When I returned the following morning as planned, Mum emerged from the house, carrying a canvas bag.
She popped it in the boot, as if it was a bag of shopping.
At our family plot at the cemetery, I dug a shallow grave with my bare hands. Then I laid the canvas bag gently in the ground and covered it with earth.
Driving home, I was blinded by tears. And once inside, I was violently sick. I knew what I had done was so terribly wrong. But I felt like I had no choice.
If I reported the death, Mum might go to prison. The most important thing was the baby was at peace.
But Catherine and I found it hard to live with the burden of our secret.
Together we cried for the little sister that we would never know.
As years went by, Catherine left home and had three children. Mum carried on drinking, moving house often. And at the end of 2007, Catherine and I were helping her pack up her possessions once again. Suddenly, I caught sight of the red bin. My heart was in my mouth.
‘What are you looking at?’ Mum snapped. Why has she kept that? I shuddered.
When Mum went in the removal van to her new house, Catherine and I looked inside.
There were air fresheners, old cloths and under those, a bin bag, securely tied.
‘I can’t look,’ I gasped, banging the lid shut, before we took the red bin to Mum’s new place.
‘What have you got in there?’ Catherine asked, trying to sound casual. ‘Books,’ Mum snapped.
I wanted to believe her, but I remembered how Mum had sometimes gained and lost weight suddenly. Then there was the time there had been blood on her carpet. It ate away at me until it was too much to bear.
So I finally called the police and they agreed to search Mum’s house.
Afterwards, two officers knocked on my door.
‘We’re arresting you on suspicion of murder,’ one said. My jaw dropped. I’d been trying to help. Now I was being blamed? I was terrified.
At the police station, I was told that Mum had been arrested too.
When my solicitor came, he asked if I knew what the police had found. I held my breath.
‘Three babies,’ he replied. ‘Three stillborn babies.’
They were wrapped in bags in the bin in Mum’s bedroom.
My head fell into my hands and I sobbed.
As the case was investigated, I didn’t see Mum.
She’d watched me bury her baby with my bare hands and I’d kept her secret. Now I was mixed up in this horrible mess.

Eventually, I learned I would not be charged with any offence. It was a huge relief.
In 2010, my mum Bernadette Quirk, 55, appeared in court and admitted four counts of concealing a birth.
She’d kept three babies in the red bin with an air freshener.
There was also the fourth – Helen – buried in the graveyard.
The court heard she’d hidden the bodies for up to 20 years, wrapped in newspaper, sheets and plastic bags.

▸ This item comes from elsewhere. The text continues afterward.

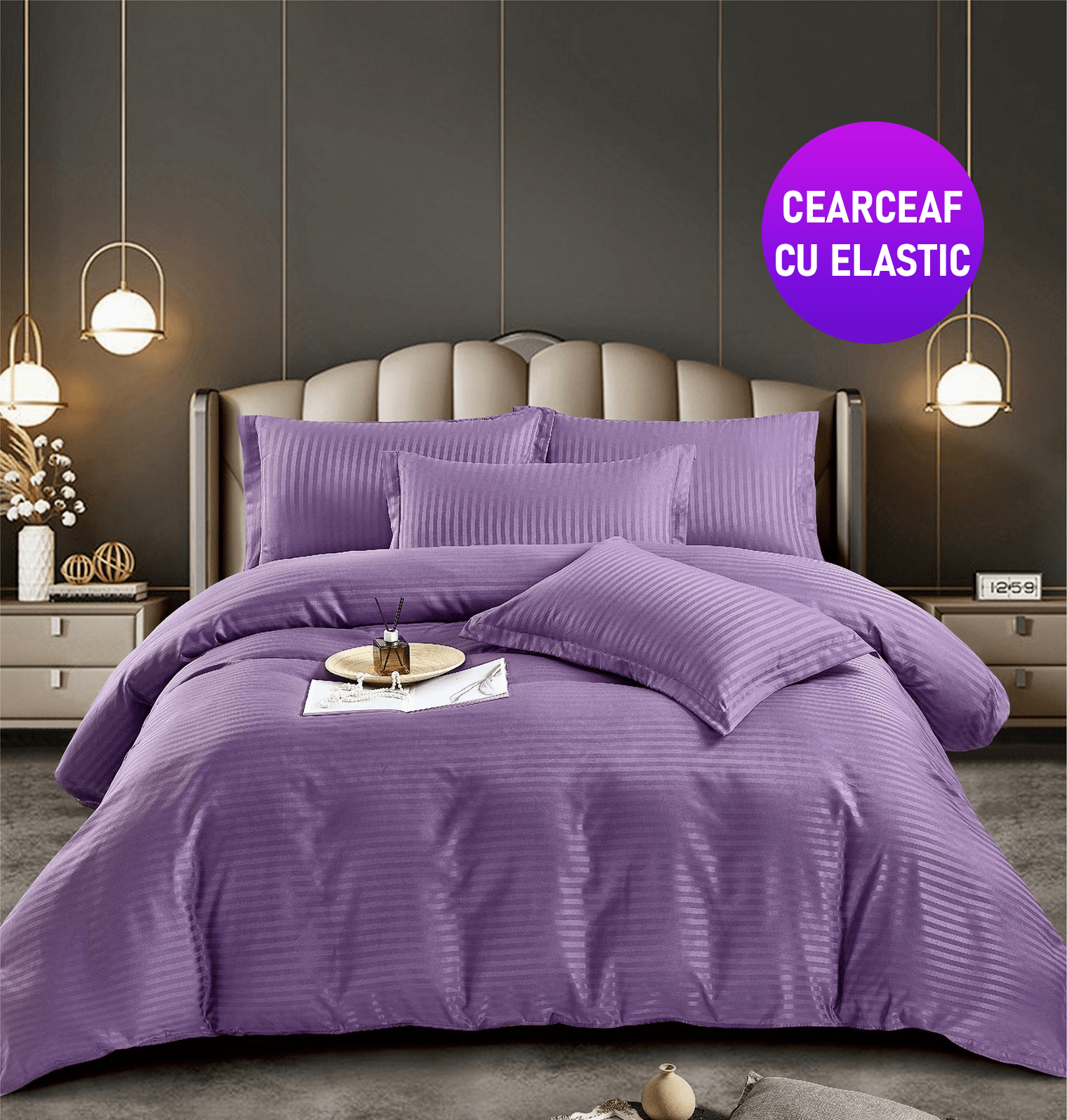 Caracteristici Lenjerie cu elastic Damasc Finet 6 piese Mov

She said she gave birth to the babies between 1985 and 1995, but could not be more specific.
Mum claimed she had no recollection of the fourth baby but forensic tests had proved it was hers.
The defence lawyer said she insisted all the babies had been stillborn and police had been unable to prove otherwise.
DNA tests enabled police to trace three separate fathers. None of them knew she was pregnant.
The judge sentenced her to a two-year community order, under supervision.
After the court case, Catherine and I arranged a funeral for the four babies.
It was important to us that they were given some dignity and respect at last. We invited Mum to attend the service, but she refused. I no longer have contact with her.
In September 2012, I had a little boy I named Alex.
I have made sure that my own children have had a good and loving upbringing – nothing like my own.
My kids are everything to me, which makes what Mum did even harder to understand.
We will never really know the truth of what happened and why. Those babies were true skeletons in her closet. I am just so relieved that they have finally been laid to rest.